This can be controlled via the PERCENTILE parameter, which is incharge of pruning weak connections in the graph. To avoid this error and enlarge the connectivity, you need to set a smaller PERCENTILE value than the default (0.996).

Rerun the ./run_all.sh command as described in #Quickstart, and add the --percentile <new value> parameter.

Reproduce Results From Paper

First, you will need to download the datasets used in the paper.

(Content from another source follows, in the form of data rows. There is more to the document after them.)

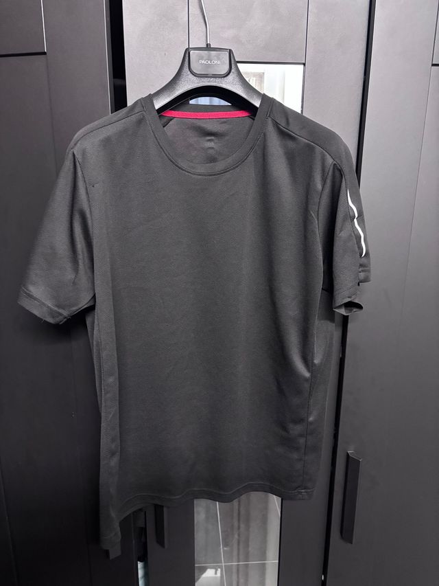 Dettagli del prodottoMaglietta sportiva di colore nero, taglia L. Presenta un dettaglio a contrasto sul collo e un motivo grafico sulla manica.
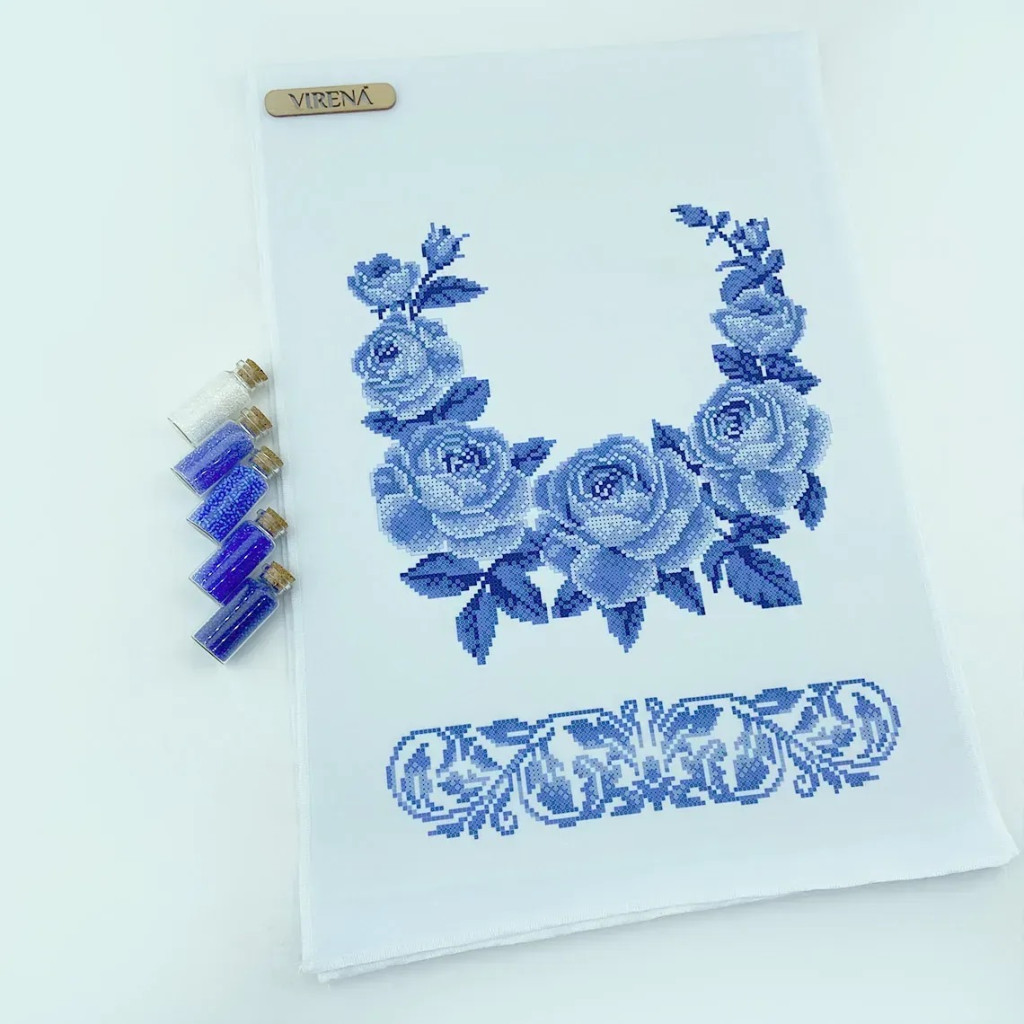 Заготовка для вишивки бісером дозволяє створити традиційний весільний рушник власноруч. Чітко надрукована схема допомагає зручно орієнтуватися під час роботи та акуратно розміщувати бісер відповідно до малюнка.
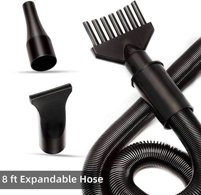 - 4 Nozzles & Expandable hose: Comes with 4 different styling nozzles for all dog breeds, hair shapes and body parts. The expandable hose could be stretched from 3ft to 8ft long, which makes this dog dryer handy to use both for household or salon.
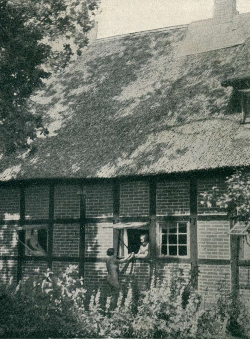... Die Schule bestand aus zwei alten, strohgedeckten Häusern, Nebengebäuden, einem großen Garten sowie einem sehr großen, angemieteten Gelände, auf dem eine Art Sportplatz und später sogar eine Badestelle war.
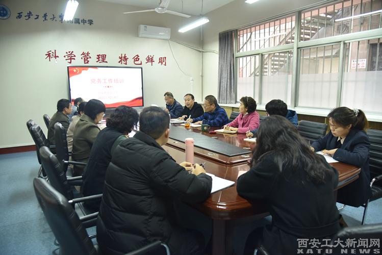 (本網訊)為深入推進黨建“雙創”工作,不斷提升黨務工作骨干能力和水平。12月5日下午,附屬中學黨總支舉辦了黨務工作能力提升培訓會。附屬中學黨總支委員、各支部委員參加了培訓會。
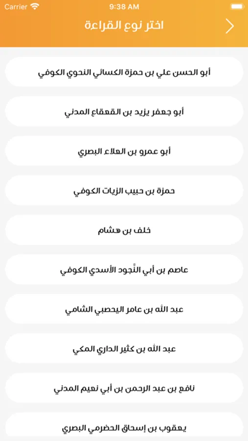 - اختيار قراءة من بين العشر قراءات.
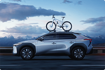 Muskularna i stylowa Toyota bZ4X czuje się doskonale na każdej z dróg, dzięki innowacyjnym rozwiązaniom inspirowanym modelem Land Cruiser. Unikalny projekt nadwozia łączący w sobie nowoczesność aut elektrycznych z dynamiką segmentu SUV przyciąga spojrzenia.
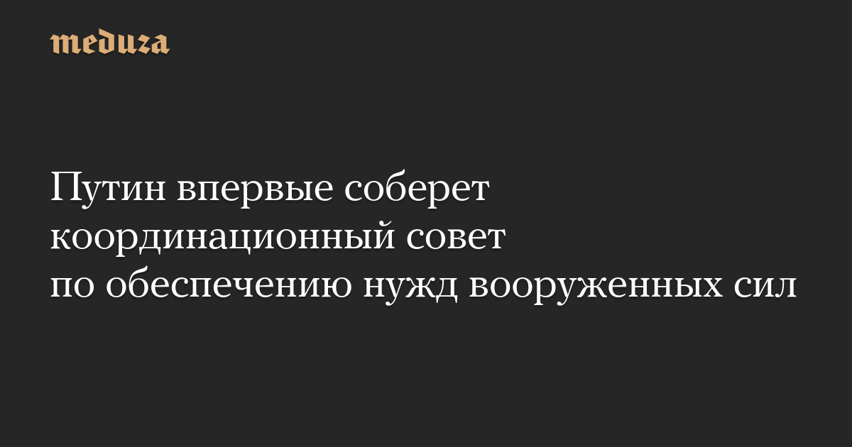 Путин впервые соберет координационный совет по обеспечению нужд вооруженных сил
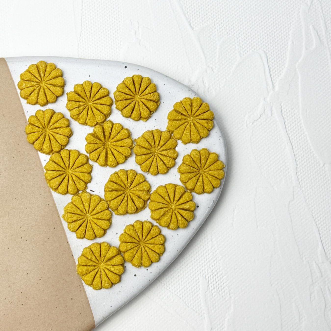 Brighten your pet’s day with a golden crunch! Pumpkin Paw-sons are cheerful, flower-shaped biscuits lovingly baked with nourishing superfoods — perfect for paws who deserve both flavor and function. Made with real pumpkin, soothing turmeric, and gut-friendly oat flour, they’re as wholesome as they are adorable.

Form-10k and CUAD datasets are available under the following link:

https://drive.google.com/drive/folders/1OHbOlPfr4GUga4s3xXLVwDUtIu7OSolB?usp=share_link

  • The Hebrew-verdicts dataset that we discuss in the paper cannot be published due to the sensitive information it includes, as it is a dataset of legal verdicts in sexual harrasment cases.

Next, we assume you already ran the environment setup as described in #Prepare the environment.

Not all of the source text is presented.